Cette saison, celui qui aime les univers poétiques et puise son inspiration dans des rêves oniriques se penche sur l'actualité dans un show alliant musique, chant et danse. Sa collection baptisée Symphonie barbare est un hommage aux femmes israéliennes et palestiniennes du mouvement Women Wage Peace, des guerrières de la paix. Le défilé débute avec un homme noir, torse nu, vêtu d'un grand collier de dents et de griffes en argile et d'un short en patchs. Il est suivi de femmes tout de noir vêtues ou scintillantes dans des tons dorés et argentés en robes de soirée longues en organza, en patchwork ou en jacquard.
Elles sont remplacées sur scène par des "guerrières de la paix" en robes trapèze à pampilles ou sequins dans les tons gris et bleu marine avant de céder la place aux représentantes de la paix en robes de type néoclassique, en mousseline, satin ou organza, dans une palette claire. Une danseuse classique de l'Opéra de Paris et une chanteuse lyrique, la soprano Catherine Trottman, sont accompagnées sur scène de jeunes filles distribuant des branches d'olivier aux invités. Le couturier vient saluer en veste noire ornée du sigle Peace and Love. On a particulièrement aimé les matières mélangeant l'organique au métal, l'écorce à la roche, les noirs aux noirs, l'armure à la mousseline. Tout est ébouriffé, déchiré, froissé, les jacquards redécoupés ou rebrodés.
Les Globuleuses de Germanier
En septembre 2024, il défilait à la Paris Fashion féminine printemps-été 2025, cette fois-ci Kevin Germanier – après avoir présenté ses six dernières collections au calendrier prêt-à-porter féminin – est sur les podiums haute couture. Fidèle à son engagement en faveur du recyclage ou surcyclage, le Suisse basé à Paris est reconnu pour son utilisation innovante de matériaux recyclés depuis le lancement de sa marque en 2018. Il a signé les tenues spectaculaires du show de clôture artistique et musical Records des Jeux olympiques de Paris 2024, le 11 août 2024, marquant de son empreinte singulière de l'upcycling ce moment historique. "L'upcycling, ce n'est pas aller dans une friperie vintage et faire quelque chose avec un T-shirt, c'est faire vraiment avec les ordures", développe-t-il. L'as de la perle et de la couleur appartient à la jeune génération des designers décomplexés et éclatants qui font la notoriété de la nouvelle place de la mode parisienne depuis les JO. Désormais, il élargit son réseau d'ateliers à travers le monde pour mettre en lumière l'artisanat sous toutes ses formes.

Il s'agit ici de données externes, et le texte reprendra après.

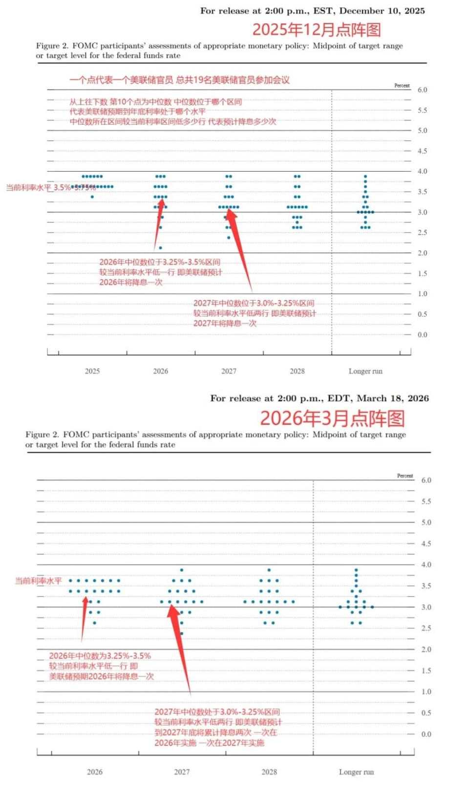 会后公布的点阵图显示,美联储决策层的近期利率路径预测和上一次去年12月公布点阵图时一致,依然预计今年、即2026年只会有一次25个基点的降息,明年也只降息一次。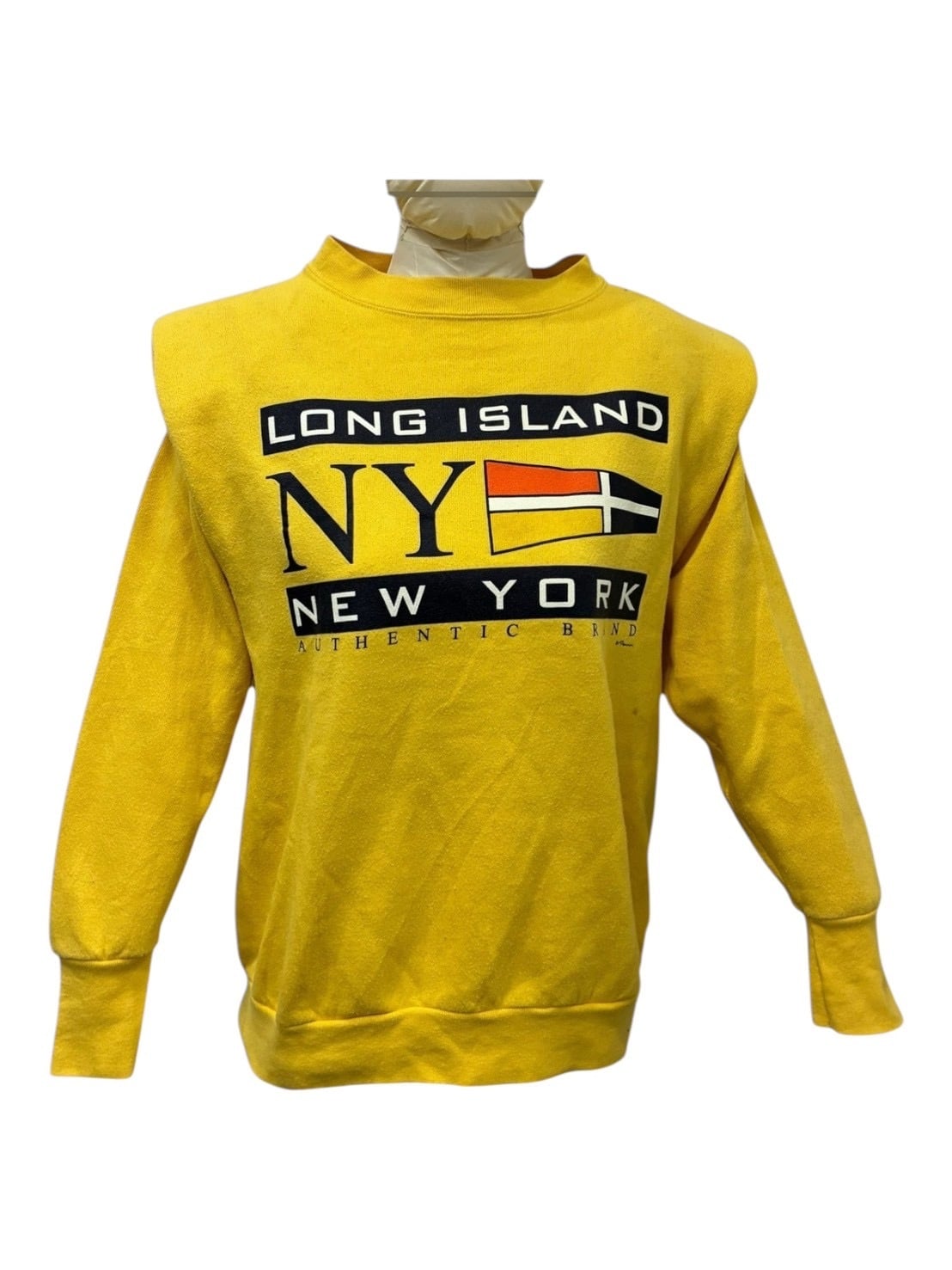 フロントには「LONG ISLAND NY NEW YORK」のレタリングとフラッグモチーフ。ブラックとのコントラストが効いた配色で、シンプルながら印象に残るデザインです。

Germanier a réussi son entrée en haute couture – son défilé était le dernier de la semaine – avec sa collection Les Globuleuses qui évoque la transformation d'une femme prisonnière de sa propre perfection jusqu'au jour où elle avale une perle qui s'infiltre dans son sang, danse avec ses globules et s'invite dans chaque recoin de son être. C'est la métamorphose et l'avènement d'une nouvelle identité. Désormais, les vêtements qu'elle porte sont faits d'une matière vivante : des tissus brodés de perles qui s'étirent, ondulent, changent de forme à chaque mouvement.
La femme Germanier est une sculpture vivante dans ses robes cousues et brodées à la main de perles colorées dans des associations de couleurs dignes des grands maîtres de la couture. Kevin Germanier a collaboré avec des artisans dans différents pays – en France, en Suisse, aux Philippines, au Kazakhstan et au Brésil – pour réaliser ces créations flamboyantes à partir de matériaux non conventionnels. Une véritable bulle de fraîcheur pour une mode recyclée, néanmoins très glam et fun, pour conclure cette intense semaine de la haute couture.